Kinga i Tomek odetchnęli z ulgą. Tym razem nie doszło do zaręczyn. Choć niewątpliwie było to romantyczne wyznanie miłości. Artysta pokazał, jak ważną osobą w jego życiu jest Iga Lis.
Kiedy zszedł ze sceny, wpadł prosto w jej ramiona, mocno się przytulił. Widać było, jak powoli znika wielki stres i napięcie. "Łezka wzruszenia" - tak Iga krótko skomentowała koncert. Rodzice doskonale się bawili podczas występu Taco i Dawida Podsiadły.
"Jest moc. Rewelacja" - cieszył się Tomek. Zresztą zamieścił zdjęcia muzyków na okładce tygodnika, którego jest szefem.
"Nie wiem kiedy ostatnio doświadczyłam tyle pozytywnej energii, tylu wzruszeń, nie wspominając o doznaniach artystycznych, bo te były na kosmicznym poziomie. Chylę czoła przed chłopakami. Proszę o więcej!" - napisała zachwycona dziennikarka.
W komentarzach pojawiło się zdanie: "Taka teściowa to skarb narodowy!" Rodzice Igi cieszą się jej szczęściem.
Z drugiej strony jednak z pewnym niepokojem śledzą jej związek. Dziewczyna ma dopiero 19 lat, jeszcze dobrze nie zna samej siebie. Z Taco są parą od półtora roku.
Kinga i Tomasz musieli pogodzić się z tym, że ich córka, rozpoczynając studia, zamiast zamieszkać z rówieśnikami w akademiku, wynajęła lokum z partnerem. Dziś rolę studentki musi godzić z rolą pani domu. Uroki studenckiego życia poznaje w ograniczonym stopniu.

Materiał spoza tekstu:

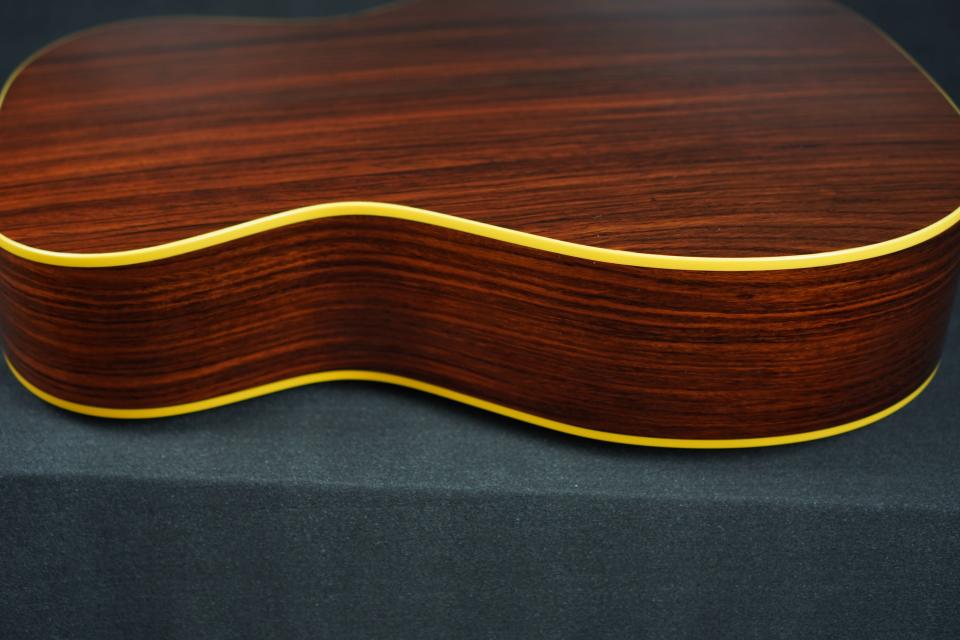 伝統的なOMスタイル、トップ材にアディロンダックスプルースを用いたデラックスタイプで、サイド&バックにはオーソドックスにインディアンローズウッドを用いております。
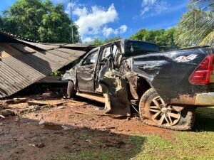 Ao realizar uma conversão à esquerda, o condutor perdeu o controle do veículo, que saiu da pista e colidiu violentamente contra uma residência. O impacto só não foi maior porque uma árvore conteve parcialmente a caminhonete, mas ainda assim o veículo atingiu o quarto e a varanda do imóvel, causando danos estruturais.
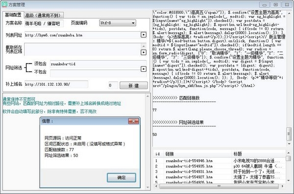如下图,只添加了网站网址以及网址筛选中的须包含词。即告诉软件,包含什么字符串的网址属于文章的网址。其它匹配,都是点测试时,软件自动识别的。
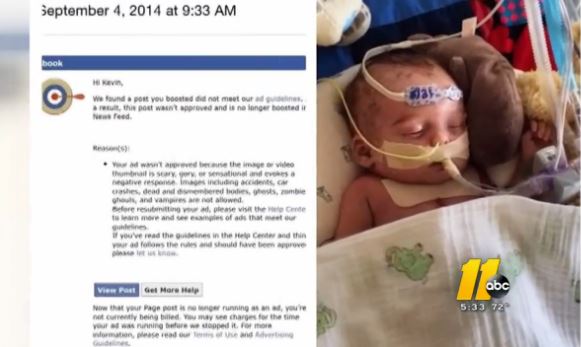 Les parents du petit ont alors sollicité les internautes via Facebook pour les sensibiliser au sujet des enfants ayant besoin d’un don d’organe et pouvoir payer les soins médicaux nécessaires. Le papa, Kevin Bond, a donc créé une page intitulée « Hudson’s heart » pour mobiliser les gens autour de son bout de chou. Mais le réseau social a censuré l’un des posts avec la photo du petit garçon… En cause ? Facebook trouverait le cliché « effrayant, sanglant ou sensationnel » parce que le petit est relié à des tubes. Pour le père du bébé interrogé par la chaîne de télé ABC, cette décision est très dure : «… J’ai un peu pleuré…. Que quelqu’un rejette une photo de mon fils magnifique, qui a besoin d’aide, allongé dans son lit d’hôpital – ça m’a estomaqué ».
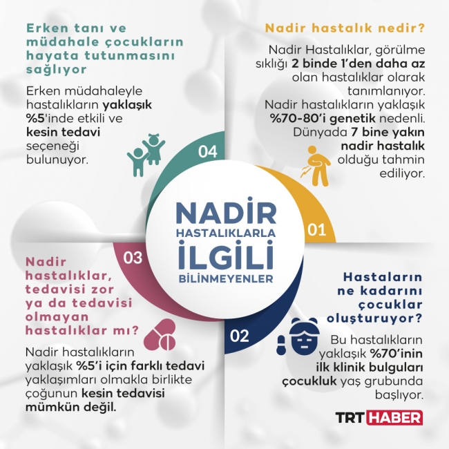 Dünya Sağlık Örgütüne göre, görülme sıklığı 2 binde 1’den daha az olan hastalıklar 'nadir hastalık' olarak tanımlanıyor. Dünyada 7 bine yakın nadir hastalık var. Yaklaşık yüzde 80'i genetik kökenli olan bu hastalıkların büyük kısmı çocuk yaş grubunda ortaya çıkıyor. Bu çocukların 3'te 1, beş yaşına gelmeden hayatını kaybediyor. Erken tanı ve müdahale ise hayat kurtarıyor. Türkiye'de 2015 yılından beri faaliyet gösteren Nadir Hastalıklar Derneği bünyesinde çok sayıda akademisyen, erken tanıdan sosyal desteğe, ailelerin ihtiyaç duyabileceği alanlarda kamu kurum ve kuruluşlarıyla iş birliği içinde faaliyet yürütüyor. Nadir Hastalıklar Derneği Yönetim Kurulu Başkanı Prof. Dr. Ayşegül Neşe Çıtak Kurt, TRT Haber'in sorularını cevapladı.

Codzienność z nadwrażliwym artystą też nie należy do najłatwiejszych. 10 lat starszy Filip Szcześniak, bo tak naprawdę nazywa się muzyk, sporo już przeżył. Nie był wolny od nałogów, które udało mu się pokonać dzięki ukochanej, o czym szczerze śpiewa w swoich utworach
Chłopak pochodzi, podobnie jak Iga, z rozbitej rodziny. Jego ojciec zaczął nowe życie w Hiszpanii, mama mieszka w Brukseli, gdzie robi karierę w korporacji. Nic dziwnego, że raper tęskni za ciepłym, bezpiecznym schronieniem. Otwarcie mówi o sobie, że jest domatorem.

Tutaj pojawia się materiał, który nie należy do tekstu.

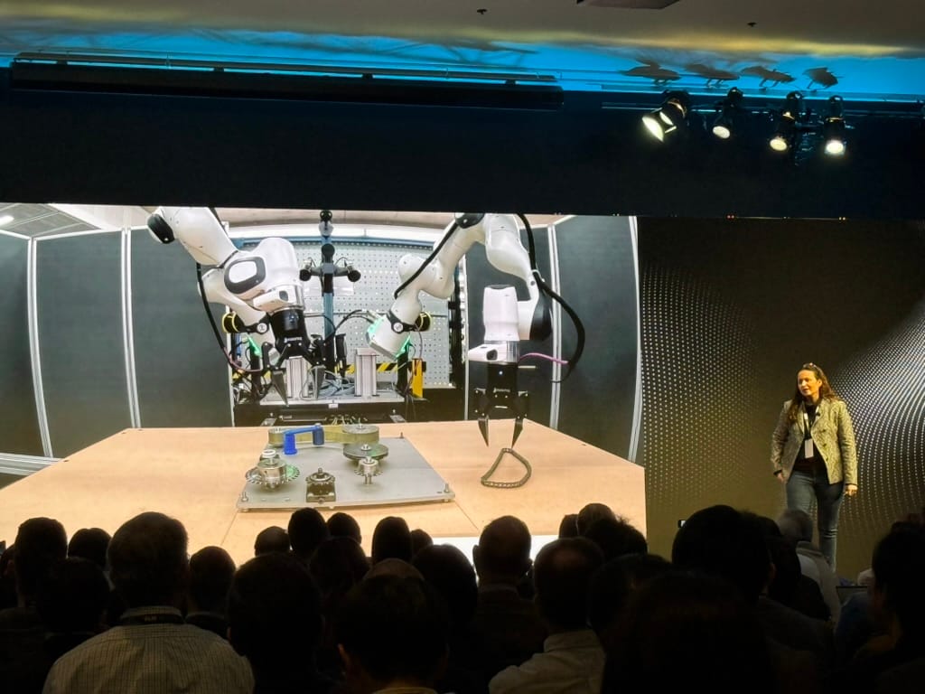 A startup focused on teleoperation presented its vision for accelerating robotics deployment by making it easy for robots to be remotely operated when autonomous capabilities are insufficient. The system uses advanced VR interfaces and haptic feedback to give operators a sense of presence and control, enabling them to perform complex manipulation tasks remotely.

"Po prostu lubię siedzieć w domu. Zawsze byłem internetowo-komputerowym dzieciakiem"- wyznał. Kiedy stał się rozpoznawalny, niemal przestał wychodzić.

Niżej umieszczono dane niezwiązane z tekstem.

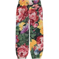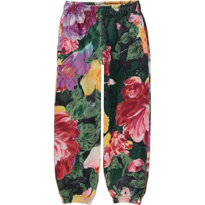 Groene joggingbroek met grote bloemenprint in de kleuren roze en geel. De print is gemaakt van prachtige levendige bloemen, en als je goed kijkt, zie je de penseelstreken. Deze joggingbroek is van 100% katoen. Het heeft elastiek en een koordje in de taille en elastiek bij de pijpen. het heeft zakken aan de zij- en achterkant en het heeft een normale pasvorm.
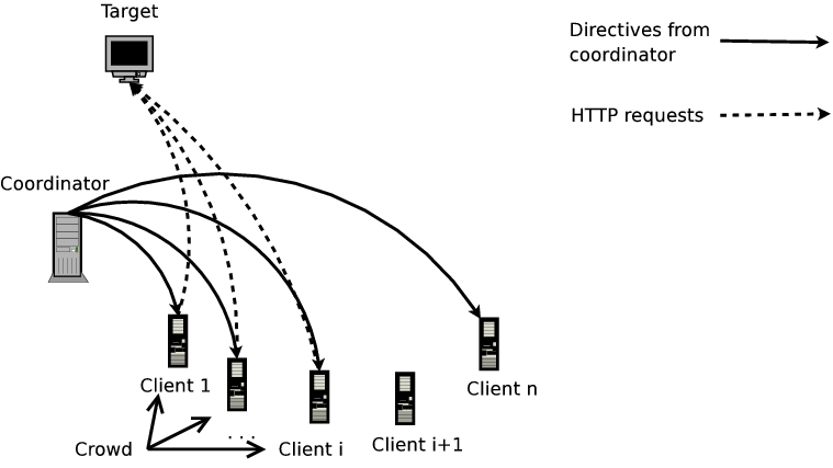 2. Progress: If there is no perceptible increase in the target's response time, or the check phase fails, the coordinator progresses to the next epoch where a larger number of clients participate. To ensure that the target does not face sudden load surges, the coordinator increases the size of the crowd by a small value (we choose this to be 5 or 10 in our experiments).

"W Londynie dużo pracuję w domu, ale dostrzegam już, że choćby wyjście do sklepu spożywczego czy uśmiech drugiej osoby dobrze wpływają na zdrowie psychiczne. Od jakiegoś czasu staram się więc zmieniać moje nawyki, w czym bardzo pomaga mi moja dziewczyna" - zdradził.
Czy w związku Igi i Filipa to kobieta musi być tą silniejszą stroną? Czy aby nie odwróciły się tutaj tradycyjne role? Czy bycie aniołem stróżem odpędzającym demony od neurotycznego artysty, to nie za duże obciążenie dla dziewczyny?
Zapewne takie pytania zadaje sobie zaniepokojona Kinga i martwi się. Nie chce, by latorośl popełniła jej błędy.
Sama wyszła za mąż w wieku 23 lat. "To było zdecydowanie za wcześnie!" - podsumowała niedawno.
Może obawiać się też, by córki i rapera zbyt wcześnie nie zaskoczyła perspektywa zostania rodzicami. Wie, że pociecha nie da się już prowadzić za rękę i bierze odpowiedzialność za siebie i swoje wybory.
Kinga wierzy, że młodzieńcza miłość nie przysłoni jej innych celów, nie skupi się tylko na roli opiekunki i muzy artysty. Wspiera ją. Iga, zawsze kiedy ogarną ją wątpliwości, gdy będzie jej źle, może do mamy zadzwonić, albo wsiąść w samolot, przylecieć się przytulić.